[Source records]
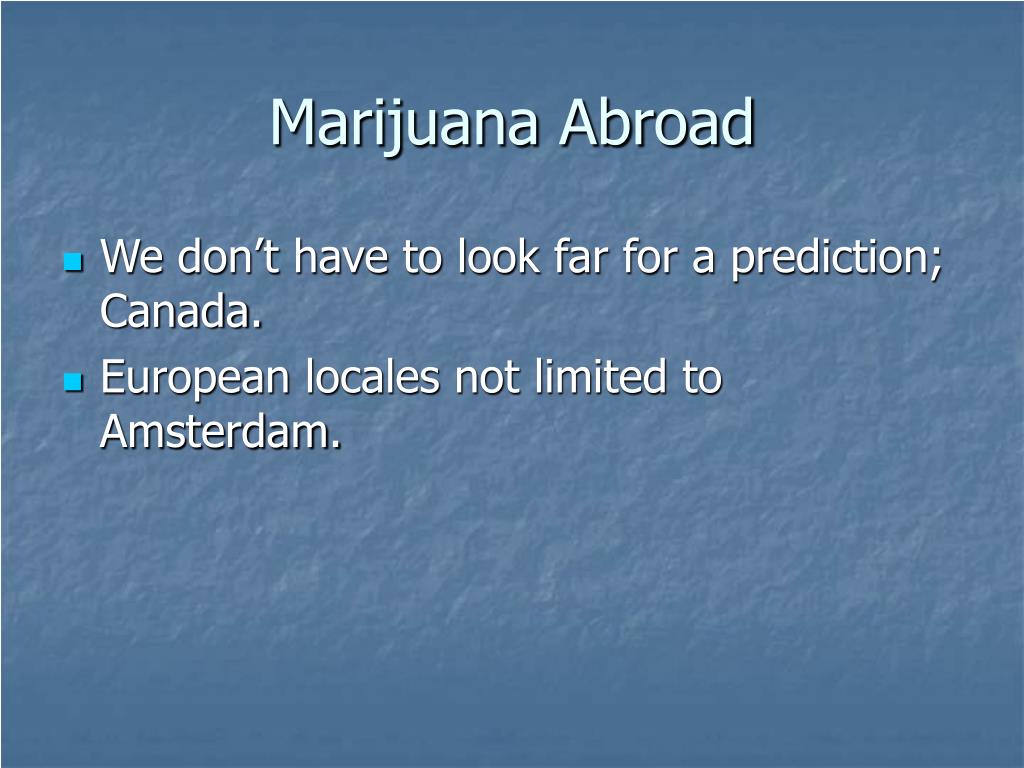 Marijuana Abroad • We don’t have to look far for a prediction; Canada. • European locales not limited to Amsterdam.
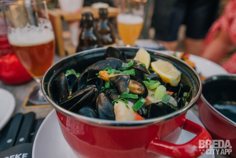 Al gauw komt er een dampend pannetje verse mosselen onze kant op. Het water loopt ons al in de mond wanneer we ze zien aankomen. De mosselen worden geserveerd met kreeftensaus en cocktailsaus. Ze zijn heerlijk op smaak gebracht dankzij de goed getrokken bouillon. Tussen de mosselen vinden we verschillende groentes en krab sticks. Genieten!
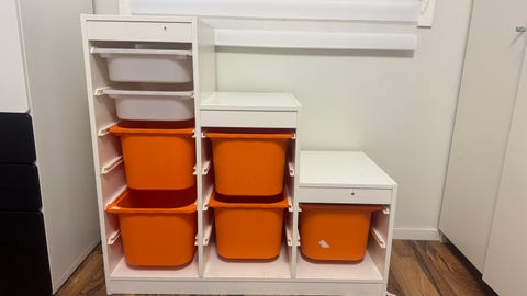 Köp fler korgar till förvaring och namnge dem tillsammans med barnet
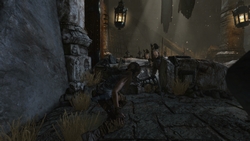 La première partie du niveau tourne surtout autour de l'infiltration ett de l'exploration. Ainsi, Lara peut observer les Oni depuis sa cachette et progresser sans être repérée. Un court combat démontre qu'une stratégie particulière est nécessaire pour vaincre les nouveaux ennemis, et que les armes potentiellement récoltées et améliorées jusqu'ici ne sont pas de trop.
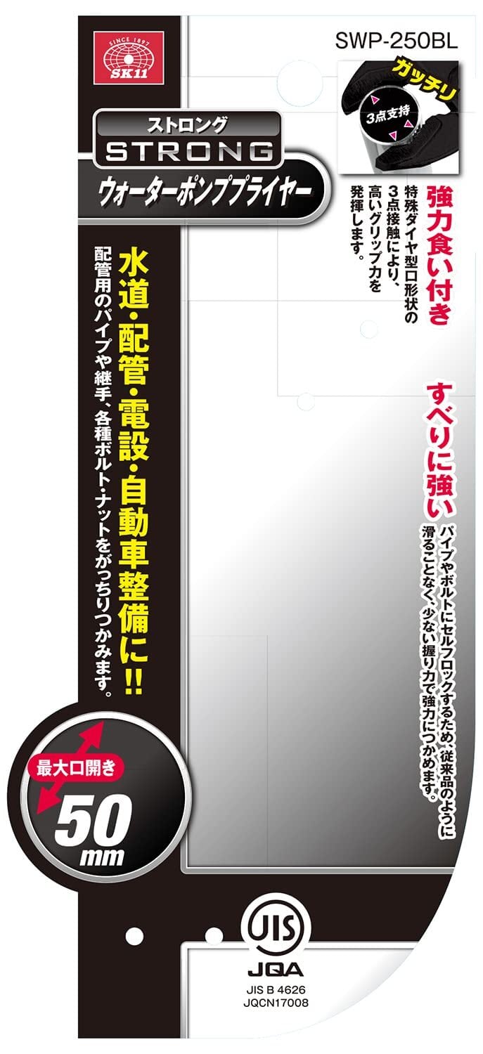 SK11(エスケー11) ストロングウォーターポンププライヤー 最大口開き50mm SWP-250BL ブラック
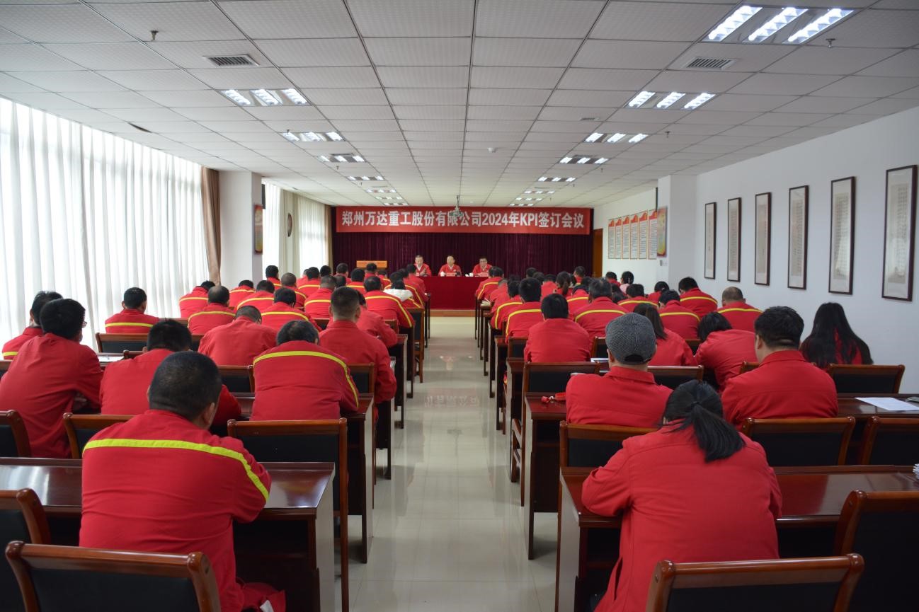 為充分發揮績效考核“指揮棒”、“風向標”、“助推器”和“測量儀”作用,2024年1月23日上午,鄭州萬達重工股份有限公司在行政綜合樓二樓會議室召開2024年KPI簽訂會議。股份公司黨委書記、董事長何清,股份公司董事、總經理張付峰出席會議,股份公司部門班組長以上管理人員及部門員工代表參加了本次會議。會議由監事會主席、工會主席于江山主持會議。
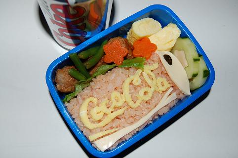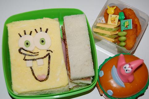 9月から長男、1年生になりました~!で、ようやくお弁当の方も再開!しかーし!新しいクラス、新しいお友達なのであまり始めっから大胆な事は出来ないのよ。何しろ周りの子供達のほとんどが日本食はもちろん、米のめしすらほとんど馴染みの無い子ばっかりでしょうからね。うっかりいきなり海苔を巻いたおにぎりなんて持たせようもんなら「わ゛~寿司だ~!気持ち悪い!」とか何とか言われてしまう事は必至。息子の偏食を気長にに改善してきたように、アメリカンキッズ達も徐々に洗脳していかなくては。と言う訳で、初日はサンドイッチにしました。スポンジボブサンドクラスメイト達はかなりビックリしてたみたい。そりゃーそうだよね。でもみんな羨ましがってたとお兄ちゃんはご満悦!スマイル弁当試しにご飯を持たせてみた。でも海苔は少なく、キャラも強烈じゃないようにスマイル君あたりで。おかずがしょぼい?時間無かったんだもーん、ほっとけ!お弁当を持って行かない子供はカフェテリア(いわゆる食堂)でご飯を買います。1食$1.75と結構お安いので週に2回位はいいかな。お弁当作りは週3ペースでやってくよー。お弁当TOPページへ
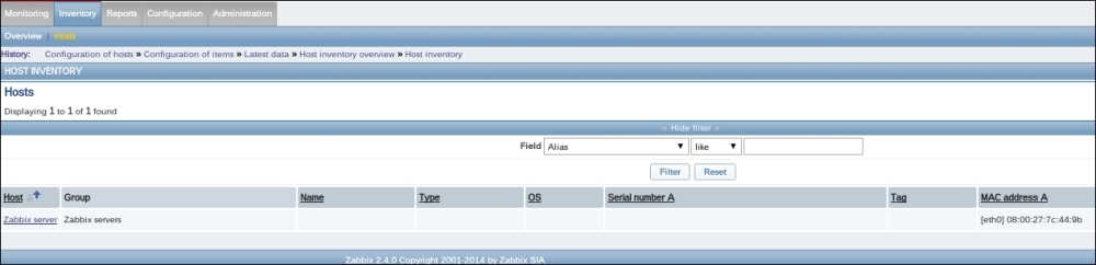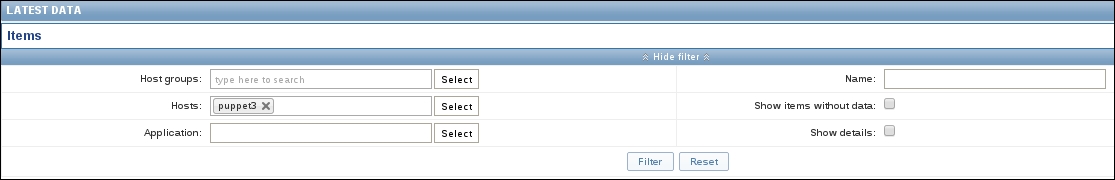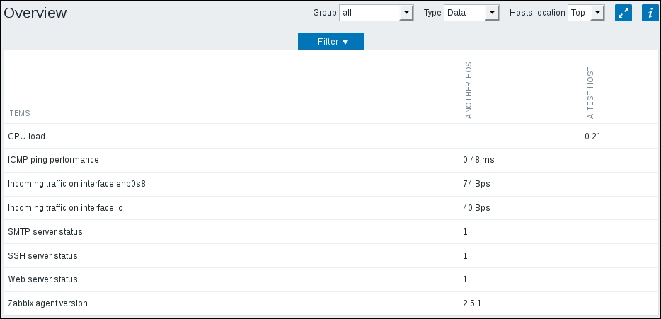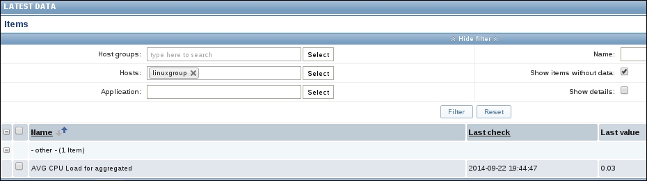 Finally, it should be worth opening Monitoring | Latest data. We will only see our previously created item, though; the reason is the same filter we changed earlier. We explicitly filtered for one host; thus, the second host we created does not show up at all. In the filter, which should still be expanded, clear the host field and select Linux servers in the Host groups field, and then click on Filter:
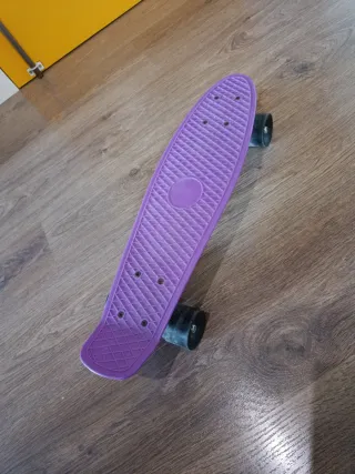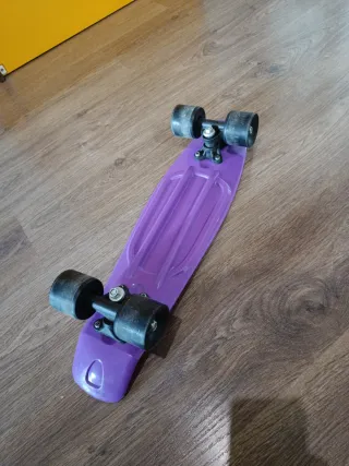 Monopatín de color morado, ideal para desplazarse. - Tabla con textura antideslizante. - Ruedas negras.
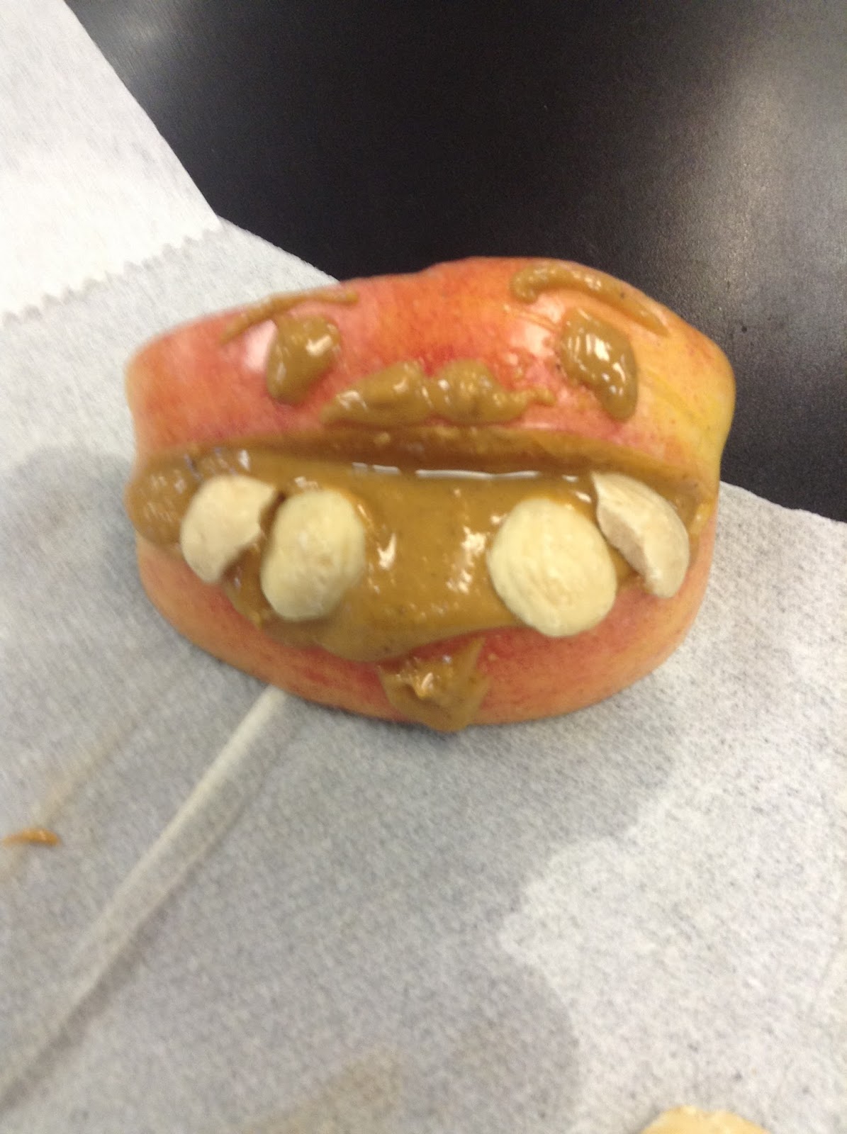 We made very cute and healthy snacks for Alexandria's and Simrun's Monday Wellness. We learned about what makes a healthy snack too. You should snack 2-3 times a day a couple hours before a meal and should eat nutrient rich snacks, not empty snacks that are high calorie and sugar.You should definitely stay away from super sweet and sticky snacks like artificial granola bars. Making the little apple snacks was really fun and were very yummy. The only thing is the apple got stuck in my braces but that has nothing to do with the activity.
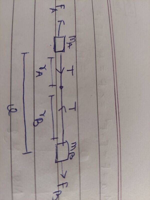 - A disk rotates with constant angular velocity ω. Two masses A & B slide without friction in a groove passing through center of disk. They are connected by string of length 'l' and are initially held in position by catch with mass A at a distance r(A) from the center. Neglect gravity. At t=0 the catch is removed and masses are free to slide. Find r''(A) immediately after catch is removed in terms of A,B,l,r(A) & ω.
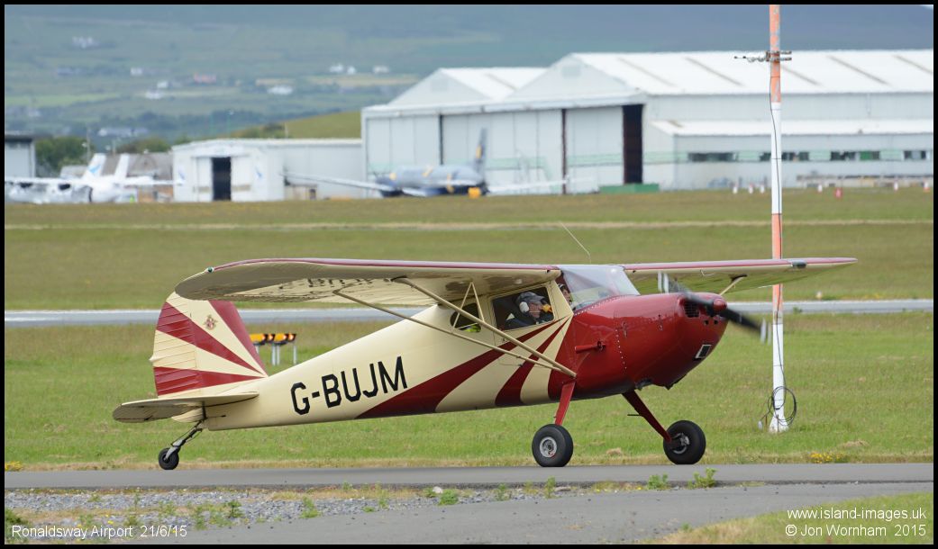 Cessna 120 G-BUJM taxies for departure from runway 26, destination RNAS Yeovilton

● **What to do**: Copy out exactly the lines above beginning with the line that contains "Finally, it should" and finishing with the line that contains "Monopatín de color", including both; leave the pictures out.

● **Response**:
 Finally, it should be worth opening Monitoring | Latest data. We will only see our previously created item, though; the reason is the same filter we changed earlier. We explicitly filtered for one host; thus, the second host we created does not show up at all. In the filter, which should still be expanded, clear the host field and select Linux servers in the Host groups field, and then click on Filter:
 Monopatín de color morado, ideal para desplazarse. - Tabla con textura antideslizante. - Ruedas negras.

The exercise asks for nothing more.